TMK X-ray crystal structure (PDB code 4GFD) [58] was retrieved from Protein Data Bank to be utilized as a model in the present study. The protein structure was prepared using QuickPrep module of MOE (Version 2019.01, Chemical Computing Group Inc., Montreal, QC, Canada). Only one monomer, chain A, was selected and water residues were deleted. The docking study was conducted using the rigid-receptor method [80]. The co-crystallized ligand TK-666 was defined as the center of the binding site. Using the MOE build suite, the chemical structures were drawn, and then energy-minimized using the MOE default force field [81]. All other docking options were kept at their default values. Fifteen docking positions were generated for each ligand. The generated docking positions were visualized using MOE.

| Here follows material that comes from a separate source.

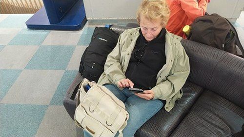 Řidič, který nás pak vezl na letiště do Vídně se snažil vyhnout zácpě na dálnici. A tak se vydal vesnicemi kolem Nových Mlýnů. Jeho snaha ale byla marná. Asi dvacet kilometrů před Vídní jsme uvízli ve veliké zácpě a jeli krokem až k letišti. Tam na nás čekala průvodkyně. Rychle jsme se odbavili a bez dlouhého čekání proběhl boarding.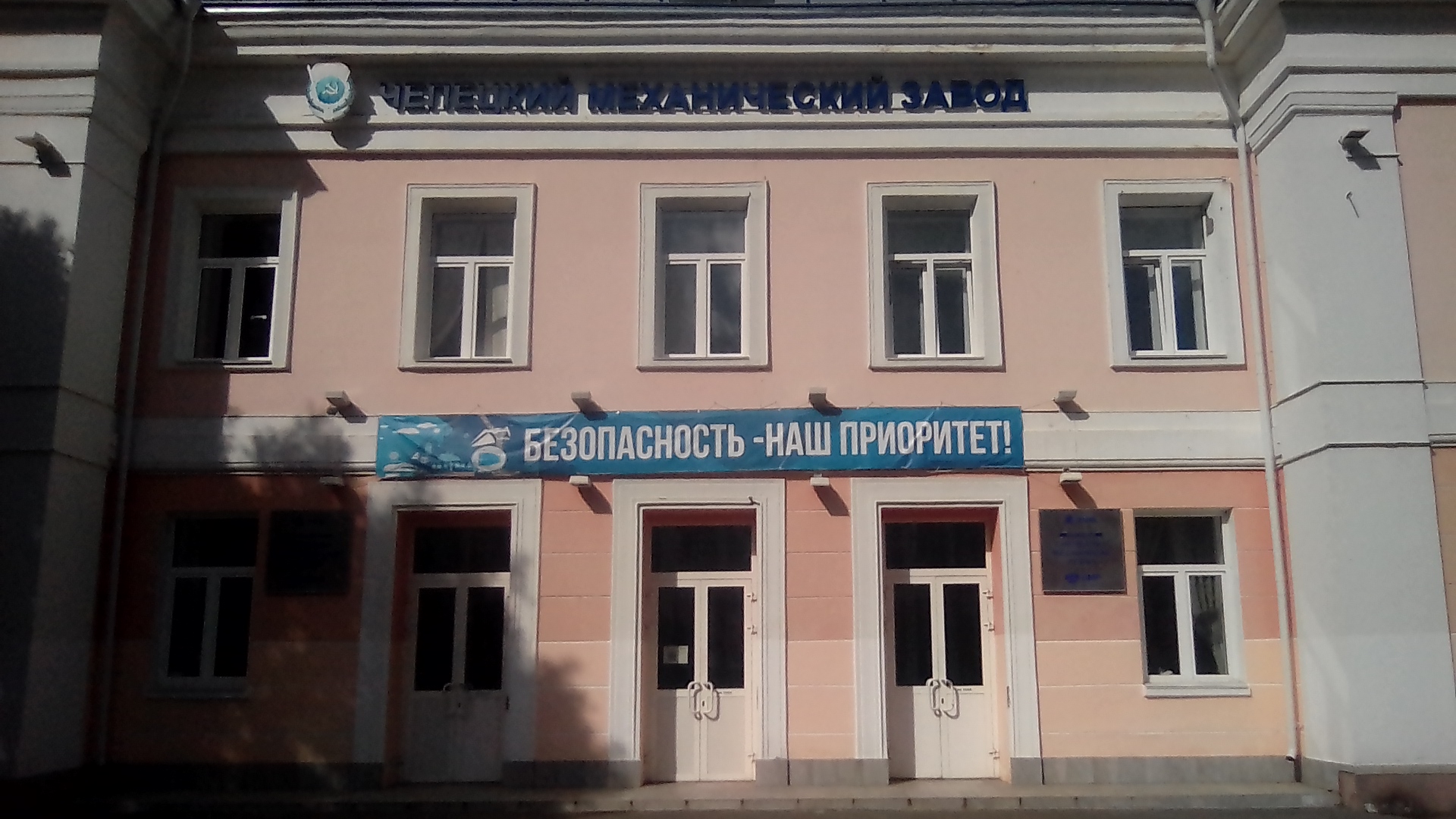 у ЧМЗ было 11 проходных и три заводоуправления. уровень допуска на них разный. работники одного цеха даже близко не знают кто работает и что происходит в соседнем цехе. и проходные у них тоже разные. пробираемся по дворам, рядом с граффити до главного заводоуправления, которое внешним видом (окнами) весьма напоминает высотки Российской академии наук.

3.7. In Silico Drug-Likeness and ADMET Analysis

The online SwissADME database was used to predict the drug-likeness and ADME parameters [82].

4. Conclusions

Today, antimicrobial resistance is still a main health problem in the world. Although many antibiotic drugs with adverse effects are available, novel drugs with different activity mechanisms are needed as soon as possible. In summary, a series of the thiolated VK3 analogs (VK3a–g) were designed and synthesized by a simple, fast, high-efficiency, and applicable method. In vitro antimicrobial activity assays were performed on seven different bacterial strains in addition to three different fungal strains by the serial broth microdilution method. The obtained results indicated that introducing alkyl chain thiols into the VK3 core led to an improvement in the antibacterial activity of the VK3 analogs. Of these, two thiolated VK3 analogs (VK3a and VK3b) were also tested for additional studies to reveal the antimicrobial and safety profile. Furthermore, they were tested for understanding the mode of action with evaluation by the time-kill kinetic study. Furthermore, we carried out another study on two analogs, active on S. aureus and E. faecalis, via determining their biofilm inhibition capacities. The present study is the first record to evaluate the antibiofilm and bactericidal profile against clinically resistant species. In line with this, VK3b showed the most potent antimicrobial activity against the clinically obtained MRSA strains with 4.88 µg/mL MIC50 value. Therefore, in accordance with the time-kill curve study results, these two molecules, VK3a and VK3b, showed bacterial regrowth at 1× and 4× MIC concentrations used within 24 h against the Methicillin-Resistant S. aureus isolate, and these molecules decreased the viable cell count at 6 h. Therefore, to achieve synergistic activity, it would be possible to use these molecules in combination with conventional antibiotics, for reducing antibiotic toxicity and antimicrobial resistance. Furthermore, VK3a and VK3b had no obvious hemolytic activity. The molecular docking of VK3a and VK3b into S. aureus thymidylate kinase showed similar placement and interactions with critical amino acids. Their interesting leadlikeness and pharmacokinetics make them worthy of further attention. Although finding safe and effective antimicrobial drugs are quite difficult, it is indeed necessary to conduct these studies continuously, especially in the era of antimicrobial resistance.